Here is what's new this week in To Your Health - a consumer health oriented podcast from NLM - that helps you use MedlinePlus to follow up on weekly topics.
The integration of behavioral health with primary care in large medical centers comparatively improves both health outcomes and health care utilization and may be a prudent investment, notes a comprehensive, comparative study recently published in the Journal of the American Medical Association.
In an 11-year study of more than 113,000 adults in 102 primary care centers of Intermountain Healthcare in Salt Lake City, the study's eight authors found a team-based integration of behavioral health with primary care (compared to care without the collaboration) improved patient screening for depression, adherence to several measures of ongoing diabetes care, and self-care planning.
In addition, patients who experienced the team-based integration of behavioral health with primary care comparatively had significant reductions in emergency department visits, fewer hospital and ambulance admissions, as well as decreased primary care physician visits. The study's authors note all the latter reductions curb costs for Intermountain Healthcare (a large, mostly urban/suburban clinical provider) over time.
An editorial that accompanied the study explains (and we quote): 'the overall investment cost of the program was.... just under $10 per patient annually, or about $100 per patient for the 11 year period' (end of quote).
The editorial's author adds (and we quote) 'The total program investment was about $12 million; a seemingly trivial amount for a health system of this size compared with the substantial reductions in resource utilization' (end of quote).

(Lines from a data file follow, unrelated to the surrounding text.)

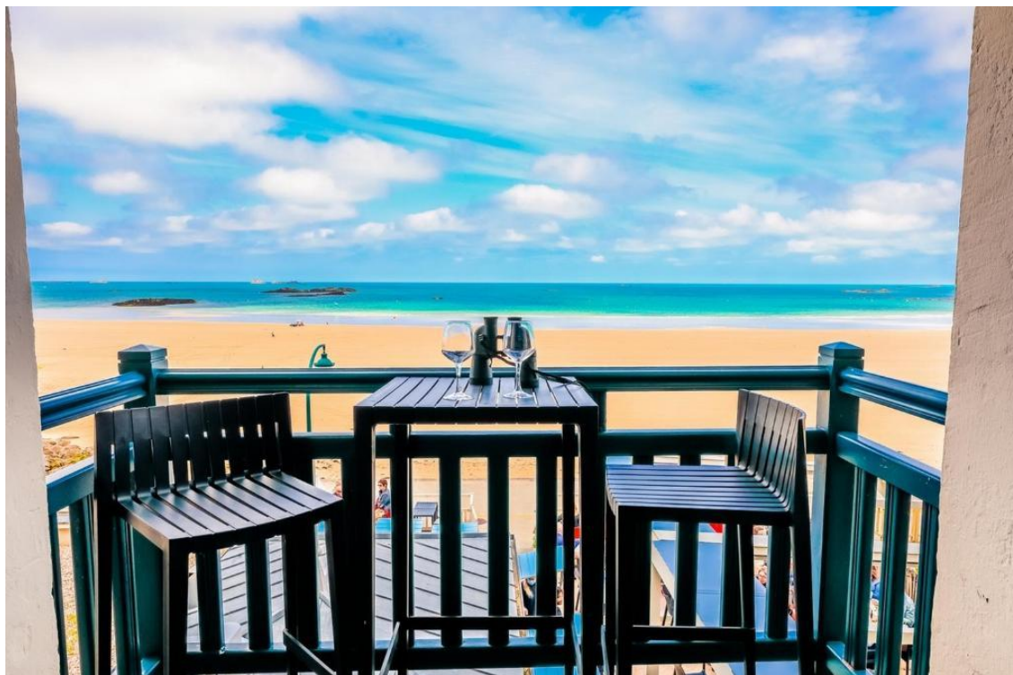
Hôtel Les Charmettes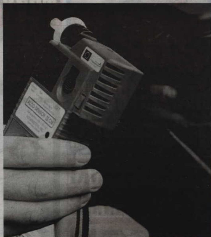
W miniony weekend policjanci zatrzymali 3 nietrzeźwych kierowców.

Podczas badania na trzeźwość okazało się, że mężczyzna kierował mając ponad półtora promila alkoholu w organizmie – mówi mł. asp. B. Schab.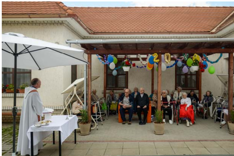
A Szent Erzsébet otthon alapításának 20. évfordulóját ünneplik az intézmény lakói

Helyben található még a Szent Erzsébetről elnevezett Idősek Otthona, mely egyházi irányítással működik, jelenleg 20 időskorú befogadására alkalmas. A bentlakásos intézményben folyó gondozási tevékenység során az intézmény szolgáltatását igénybe vevők részére, fizikai, mentális, életvezetési, és egészségügyi ellátást nyújtanak, amely a lakó szociális, testi, szellemi állapotának megfelelő egyéni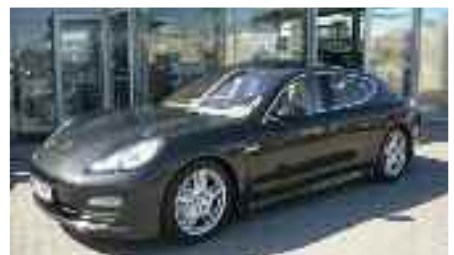
12 Porsche Panamera 4S Carbongraumetallic EZ 08/2009 | 5.000 km | 129.800 EUR*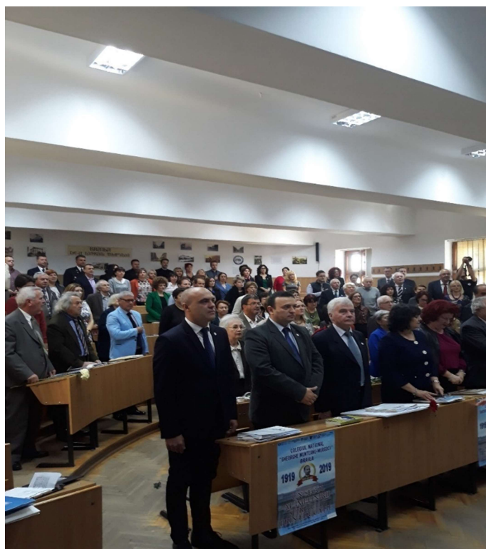
Asociatia de parinti ai elevilor din Colegiul National „Gh. M. Murgoci” Braila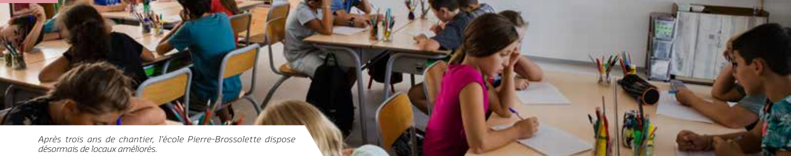
Après trois ans de chantier, l'école Pierre-Brossolette dispose désormais de locaux améliorés.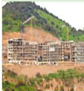
Construcción y actividades en zonas frágiles

However, the editorial's author acknowledges that Intermountain Healthcare received $157 million less in insurance reimbursement (during the study's 11 year period) for patients who received integrated versus traditional care.
Still, the editorial's author concludes the research (and we quote)' document(s) the value of an integrated model of mental health and chronic disease care that likely can be provided to patients who receive their care in large, integrated health systems' (end of quote).
The editorial's author adds the findings (in conjunction with pending changes in medical insurance reimbursement for integrated care) pave a partial path for improvements in health care delivery.
I hasten to add that Intermountain Healthcare is not the only U.S. clinical center that integrates behavioral health and primary medical care within a broader effort to treat the whole patient. Intermountain Health is just one of the first to comprehensively assess the effort's impact on patients and health care delivery. Let's hope the study's positive findings add to the momentum to provide integrated care services within the nation's medical centers.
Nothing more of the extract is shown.